# [Stored dataset items]
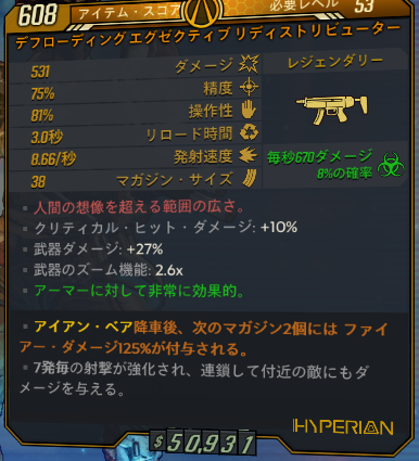 マガジンを10発以上まで拡張してやると連射が効かないため割と撃ち続けられます。使用感は兎に角火力不足。敵集団にダメージをばらまくのは楽しいのですが、如何せんアーマーの敵が辛すぎます。
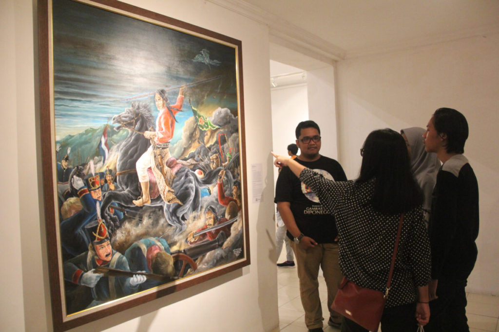 Pengunjung melihat-lihat lukisan yang ditampilkan dalam Pameran Sastra Rupa ”Gambar Babad Diponegoro” di Jogja Gallery, Yogyakarta, Jumat (1/2/2019) malam. Pameran yang berlangsung 1-24 Februari itu 51 lukisan yang dibuat berdasarkan kisah-kisah yang ada di dalam Babad Diponegoro.
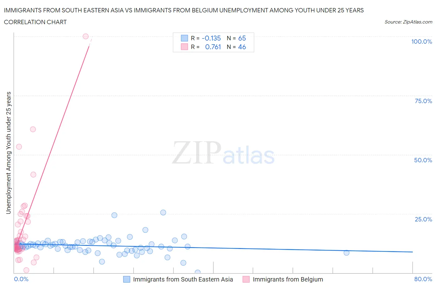 Immigrants from South Eastern Asia vs Immigrants from Belgium Unemployment Among Youth under 25 years Correlation Chart
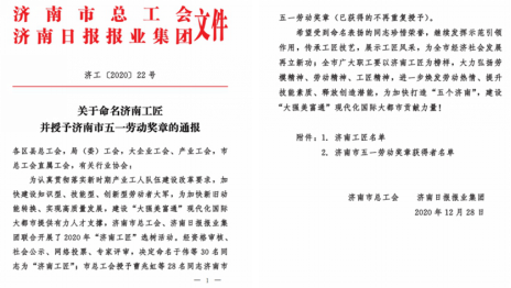 2020年12月28日,濟(jì)南市總工會(huì)、濟(jì)南日報(bào)報(bào)業(yè)集團(tuán)發(fā)布了《關(guān)于命名濟(jì)南工匠并授予濟(jì)南市五一勞動(dòng)獎(jiǎng)?wù)碌耐▓?bào)》,共命名30名同志為“濟(jì)南工匠”,市總工會(huì)授予28名同志濟(jì)南市五一勞動(dòng)獎(jiǎng)?wù)隆?/span>
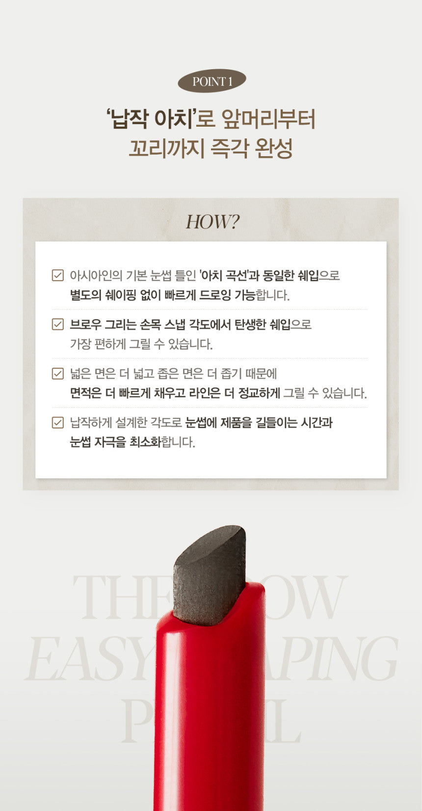 - The flat arch tip mirrors the natural curve of your brows, allowing you to create the perfect shape effortlessly.
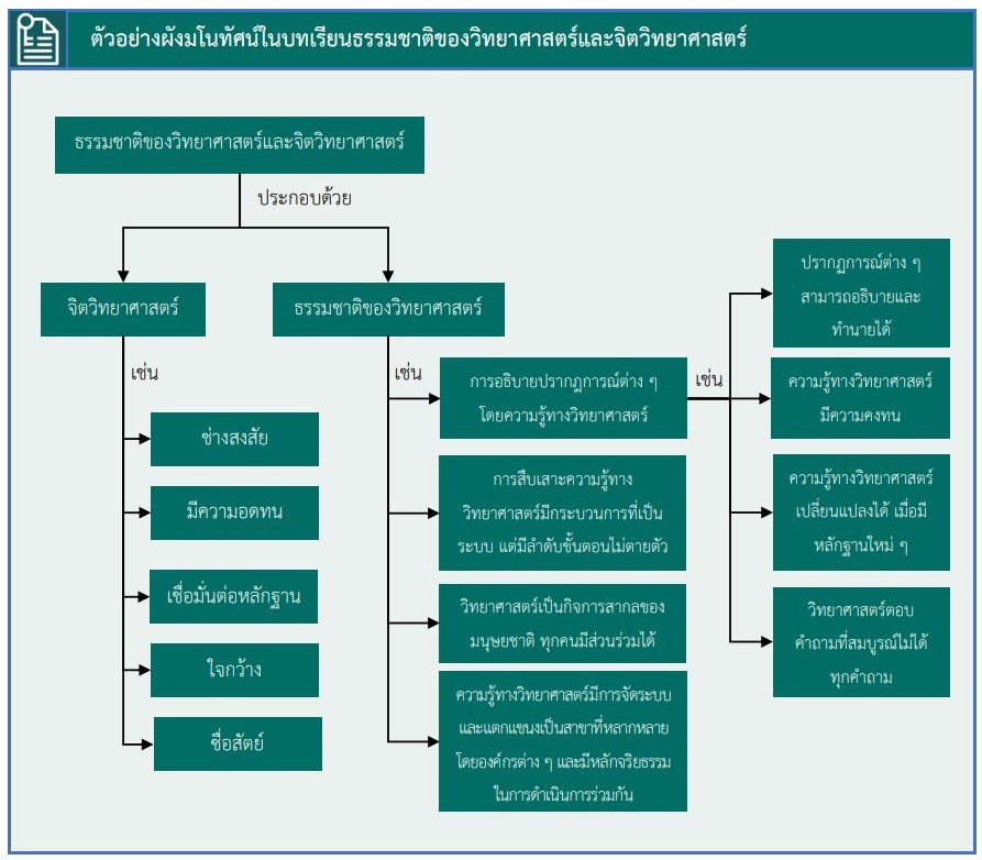 ให้นักเรียนเขียนผังมโนทัศน์ในบทเรียนธรรมชาติของวิทยาศาสตร์และจิตวิทยาศาสตร์ ดังตัวอย่างด้านล่างนี้ลงในสมุด

# [Requirement]
Your answer must consist only of the lines from the one containing "2020年12月28日,濟(jì)南市總" through the end of the entries, restated word for word, with no pictures.

# [Your response]
 2020年12月28日,濟(jì)南市總工會(huì)、濟(jì)南日報(bào)報(bào)業(yè)集團(tuán)發(fā)布了《關(guān)于命名濟(jì)南工匠并授予濟(jì)南市五一勞動(dòng)獎(jiǎng)?wù)碌耐▓?bào)》,共命名30名同志為“濟(jì)南工匠”,市總工會(huì)授予28名同志濟(jì)南市五一勞動(dòng)獎(jiǎng)?wù)隆?/span>
 - The flat arch tip mirrors the natural curve of your brows, allowing you to create the perfect shape effortlessly.
 ให้นักเรียนเขียนผังมโนทัศน์ในบทเรียนธรรมชาติของวิทยาศาสตร์และจิตวิทยาศาสตร์ ดังตัวอย่างด้านล่างนี้ลงในสมุด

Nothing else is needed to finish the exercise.